*EXERCISE PROMPT:* Copy out the entries exactly, and wherever a picture appears, leave it out.

━━━ RECORDS PROVIDED ━━━

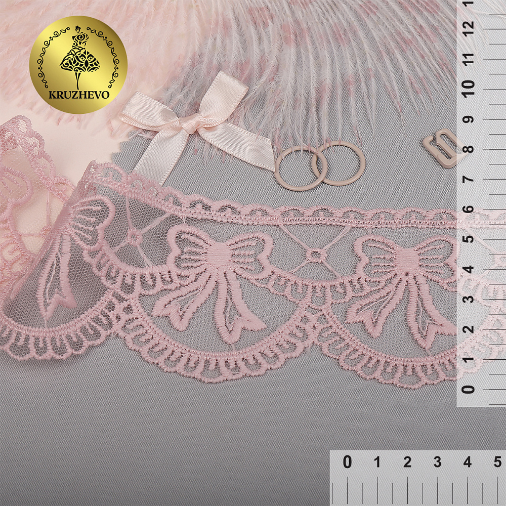Кружево на сетке с матовой нитью с бантиками 60 мм, диз. 196, цв.розовый уп. 13.71 м, Kruzhevo
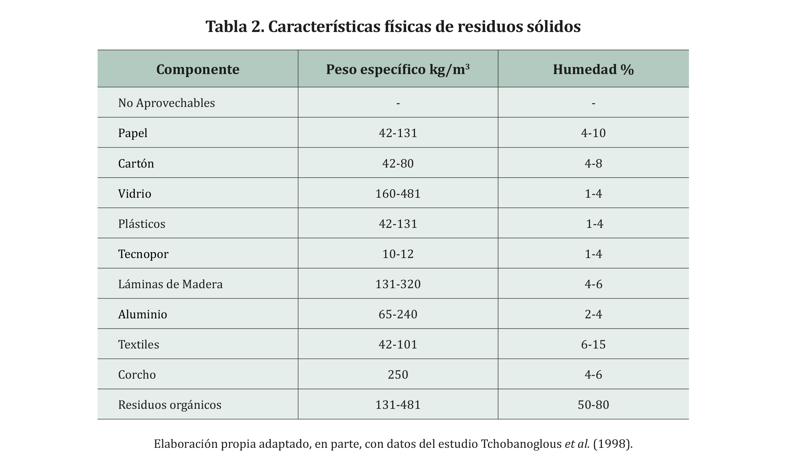 Aquí radica un grave problema, no solo por la exposición constante del alumnado y personal de limpieza a sufrir lesiones relacionadas a la incorrecta segregación en fuente, sino porque las propiedades de la materia prima de dichos residuos son afectadas por la humedad del residuo orgánico en descomposición, que tiende a unificarse (tabla 2). Por tanto, varios productos, como el papel o cartón, disminuyen su resistencia, modifican su estructura y pierden valor para su reciclaje (González et al., 2016); al contrario del tecnopor (poliestireno expandido), que es resistente al agua y aislante térmico. Sin embargo, en cualquiera de los casos, dichos materiales, al ser de baja densidad (10-42 kg/cm3), son voluminosos y ocupan mayor espacio en los contenedores de basura, así como en la unidad transportadora, lo que origina mayor gasto en su logística; hecho que podría evitarse si se clasifican previamente y se les brinda una opción de valorización dentro de la universidad.
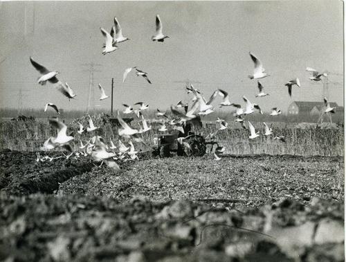 Foto van een groep meeuwen boven omgeploegd land doo...
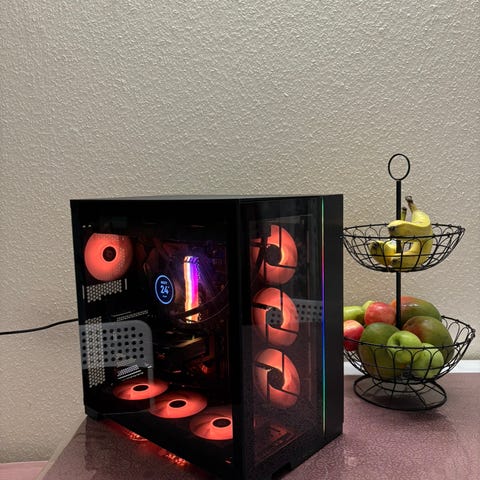 Computeren er sat op med 3x intake og 1x rear outtake med premium QL RGB fans, så der er optimalt flow. Der kan eventuelt udstyres med vandkøler og med top exhaust fans
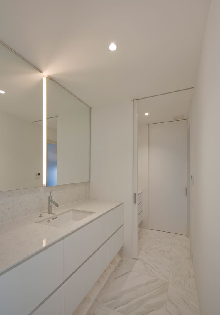 ミニマルなデザインで統一された、ホテルのように上質な洗面台。
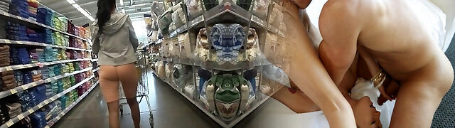 Cameltoe and showing in a supermarket
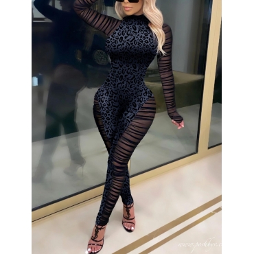 Lovely Sexy Leopard Print Mesh Patchwork Black One-piece Jumpsuit

━━━

*RESULT OF THE EXERCISE:*
Кружево на сетке с матовой нитью с бантиками 60 мм, диз. 196, цв.розовый уп. 13.71 м, Kruzhevo
 Aquí radica un grave problema, no solo por la exposición constante del alumnado y personal de limpieza a sufrir lesiones relacionadas a la incorrecta segregación en fuente, sino porque las propiedades de la materia prima de dichos residuos son afectadas por la humedad del residuo orgánico en descomposición, que tiende a unificarse (tabla 2). Por tanto, varios productos, como el papel o cartón, disminuyen su resistencia, modifican su estructura y pierden valor para su reciclaje (González et al., 2016); al contrario del tecnopor (poliestireno expandido), que es resistente al agua y aislante térmico. Sin embargo, en cualquiera de los casos, dichos materiales, al ser de baja densidad (10-42 kg/cm3), son voluminosos y ocupan mayor espacio en los contenedores de basura, así como en la unidad transportadora, lo que origina mayor gasto en su logística; hecho que podría evitarse si se clasifican previamente y se les brinda una opción de valorización dentro de la universidad.
 Foto van een groep meeuwen boven omgeploegd land doo...
 Computeren er sat op med 3x intake og 1x rear outtake med premium QL RGB fans, så der er optimalt flow. Der kan eventuelt udstyres med vandkøler og med top exhaust fans
 ミニマルなデザインで統一された、ホテルのように上質な洗面台。
 Cameltoe and showing in a supermarket
 Lovely Sexy Leopard Print Mesh Patchwork Black One-piece Jumpsuit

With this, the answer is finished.